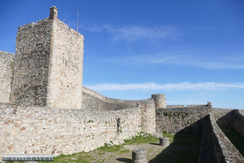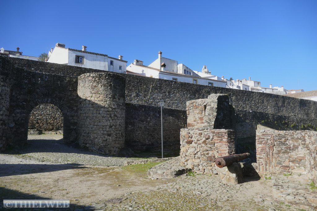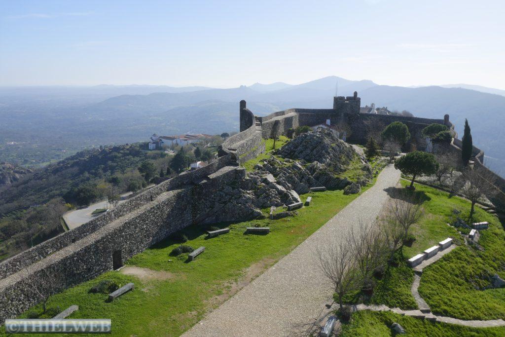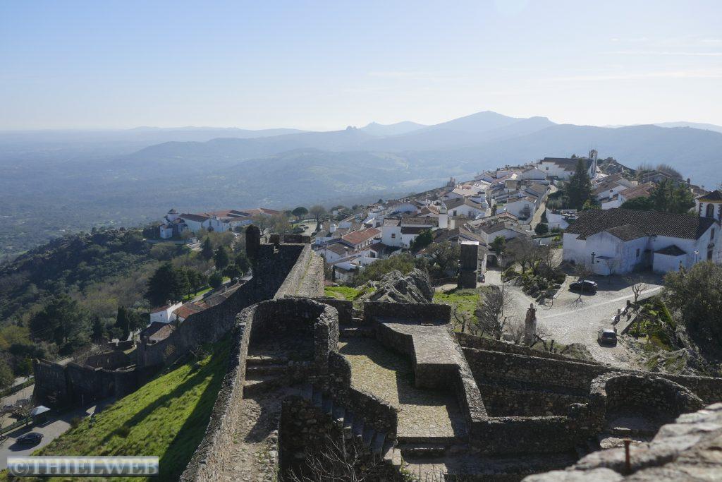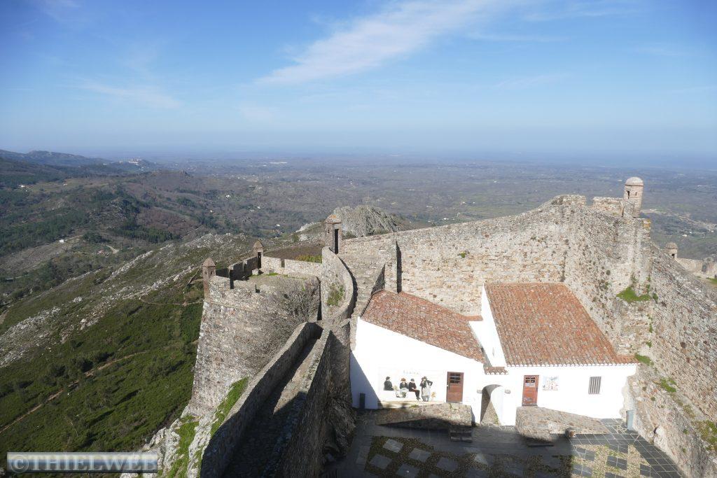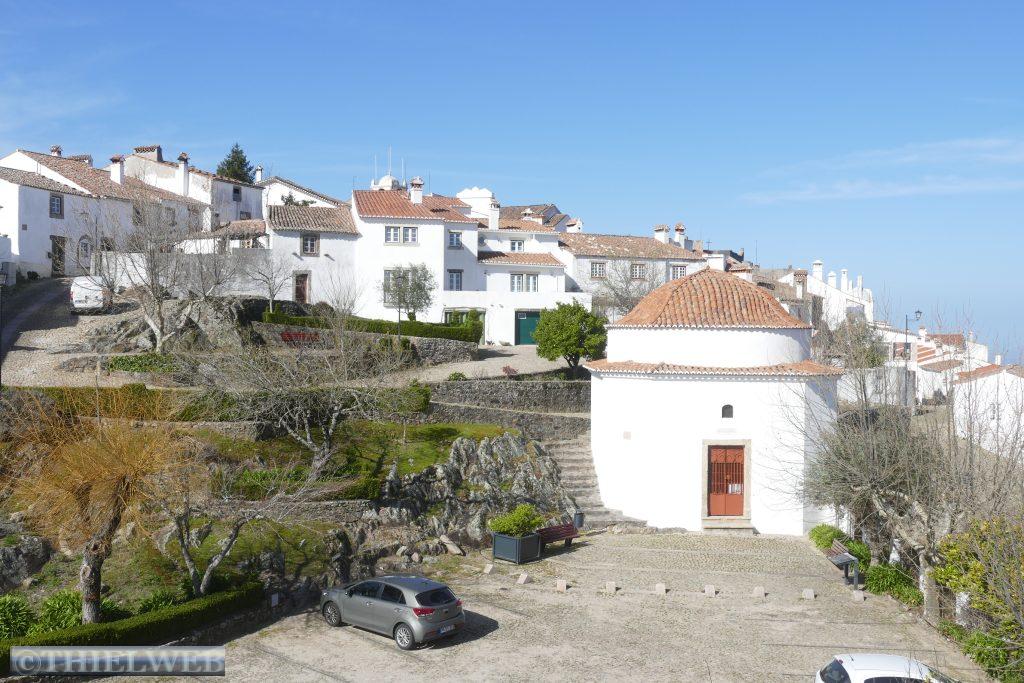 Am Morgen gehen wir zum Haupteingang, der Portas de Rodão, zum mittelalterlichen Stadtzentrum von Marvão und suchen zuerst das Touristenbüro auf. Wir schauen uns dann ein kleines Museum in der Casa Cultura an und gehen anschließend zum Castelo auf dem sogenannten Sapoio-Berg, der eine günstige natürliche Verteidigungsstellung bot. Das sehr gut erhaltene Bauwerk können wir fast rundum auf den Wehrmauern erkunden. Wir erklimmen den Fahnenturm und klettern auf den Hauptturm hinauf. Von hier haben wir einen Rundumblick auf das Dorf bis nach Spanien und auf die Serra de Estrela sowie bis nach Castelo de Vide und die Serra de São Mamede. Eine riesigen Zisterne sicherte für 6 Monate das Wasser im Fall einer Belagerung. Wir kommen zum Kirche Santa Maria, mit einem wunderschönen Gartenbereich. Entlang der schmalen Gassen erreichen wir die Igreja de Santiago und am Ende das Calvaro. Wir genießen es durch die Gassen mit den weißen Blumen geschmückten Häusern zu gehen und erreichen zum Schluss das Convento de Nossa Senhora da Estrela mit dem Cruzeiro Manuelino, welches sich gleich neben unserem Stellplatz befindet.
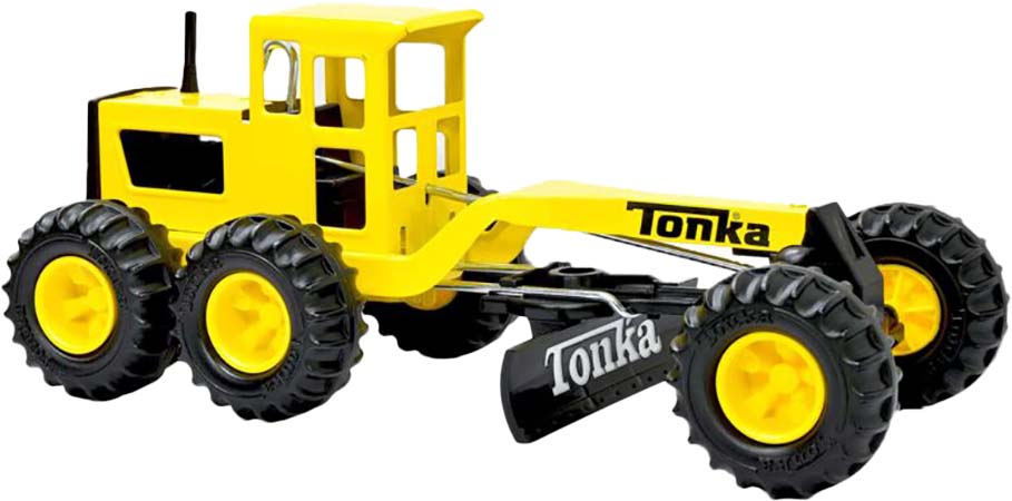 The Tonka Steel Classics Road Grader is ready to level dirt and gravel like a pro! Move the blade side to side to flatten anything in its path; no material is too tough for this hard-working vehicle to handle. Move dirt, sand, and gravel with the workable blade and take control of any job site! This Road Grader is built Tonka tough with real steel! 8.8" x 18" x 8"
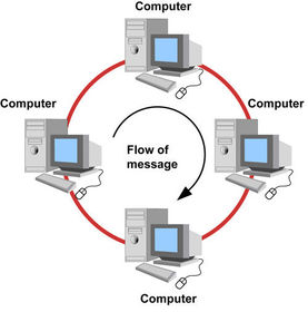 Ring network's are also peer-to-peer networks because there is no server. About the Ring Topology:- All the computers are arranged in a circle- Data sent by one computer passes around the ring until it reaches the correct computerAdvantages: - Does not depend on a central computer- Each computer has the same access, so no computer can traffic the network.Disadvantages:- If there is a break in the connection, whether wires or wireless, the whole network will fail.- Faults are difficult to locate- The network cannot be kept running whilst new equipment is being added or removed as there is only one path the data can follow.
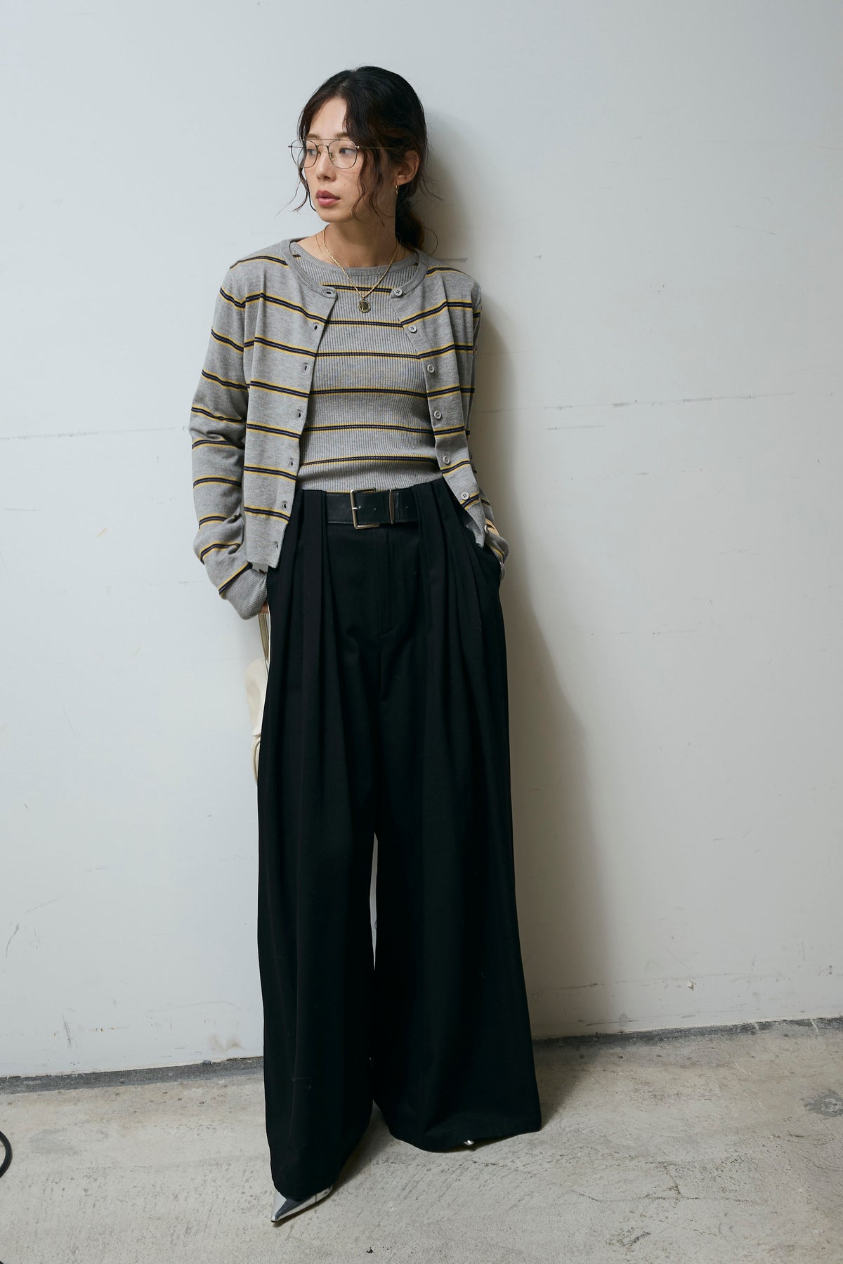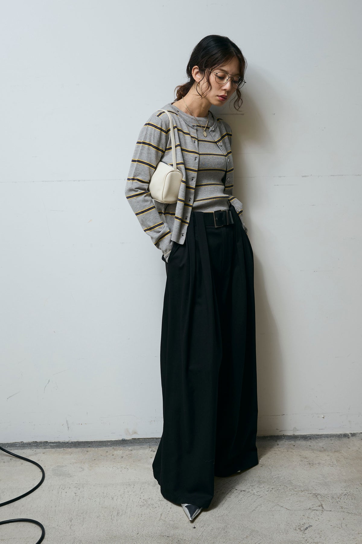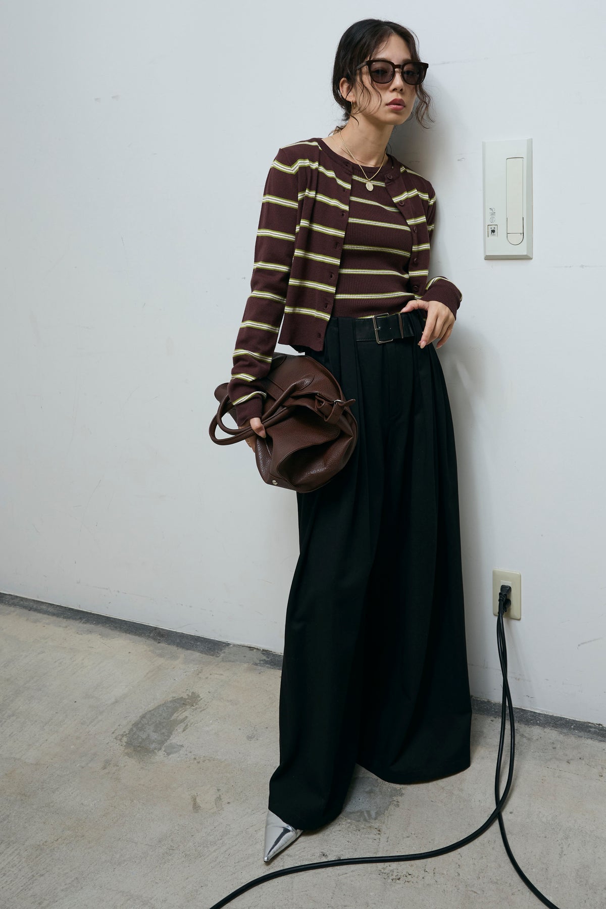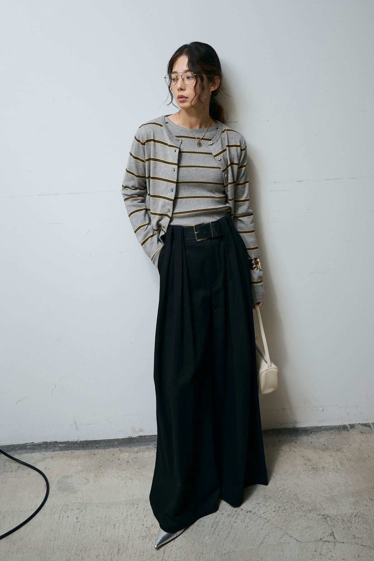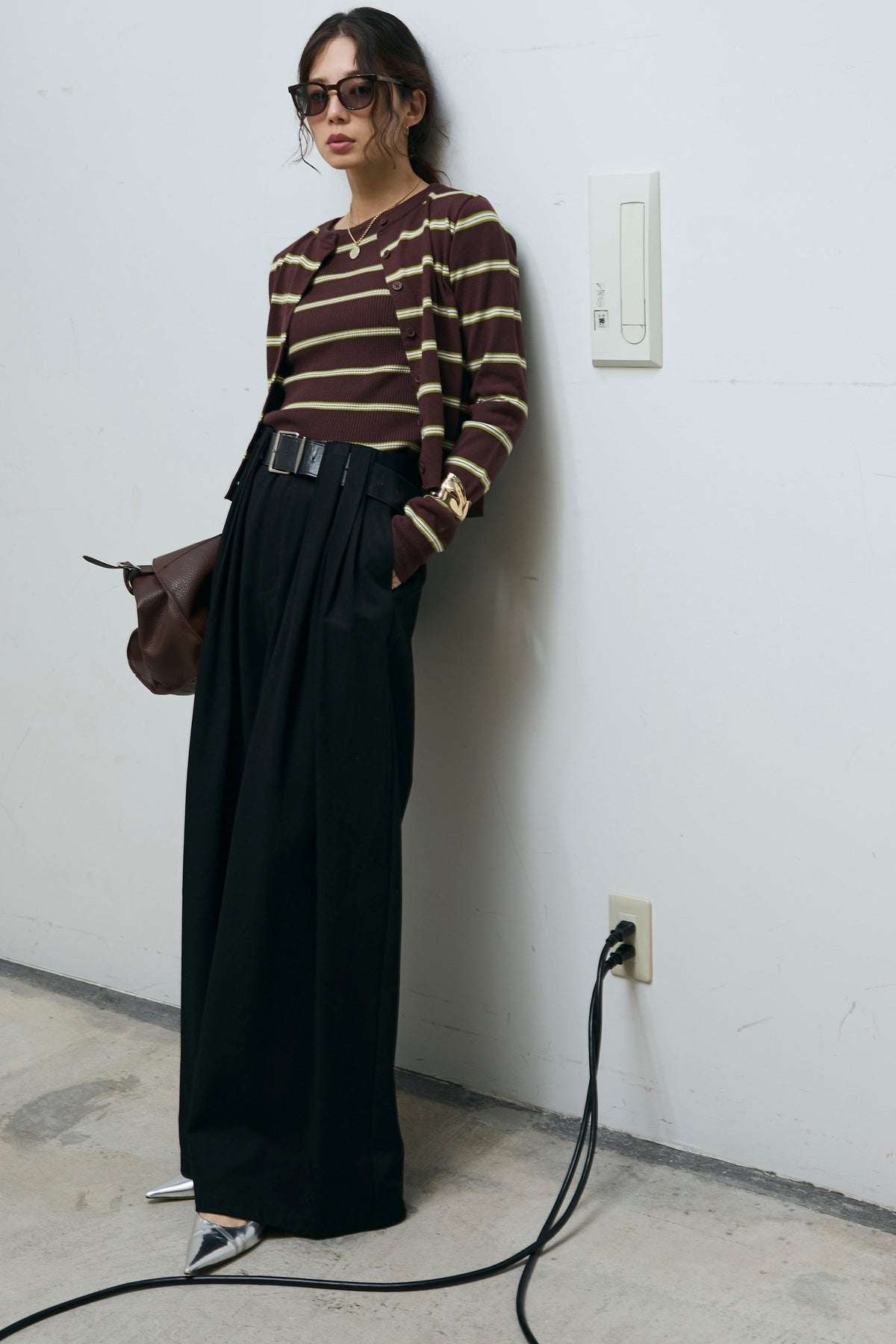 [予約/SET]ボーダーバックオープン2wayPO+ボーダーカーディガン+フェイクレザー太ベルト付きタックデザインパンツ(3set)

> _WORK ITEM_: Begin at the line that contains "The Tonka Steel" and transcribe every line through the end of the listing, exactly as written. Omit the pictures.

> _RESULT OF THIS TASK_:
 The Tonka Steel Classics Road Grader is ready to level dirt and gravel like a pro! Move the blade side to side to flatten anything in its path; no material is too tough for this hard-working vehicle to handle. Move dirt, sand, and gravel with the workable blade and take control of any job site! This Road Grader is built Tonka tough with real steel! 8.8" x 18" x 8"
 Ring network's are also peer-to-peer networks because there is no server. About the Ring Topology:- All the computers are arranged in a circle- Data sent by one computer passes around the ring until it reaches the correct computerAdvantages: - Does not depend on a central computer- Each computer has the same access, so no computer can traffic the network.Disadvantages:- If there is a break in the connection, whether wires or wireless, the whole network will fail.- Faults are difficult to locate- The network cannot be kept running whilst new equipment is being added or removed as there is only one path the data can follow.
 [予約/SET]ボーダーバックオープン2wayPO+ボーダーカーディガン+フェイクレザー太ベルト付きタックデザインパンツ(3set)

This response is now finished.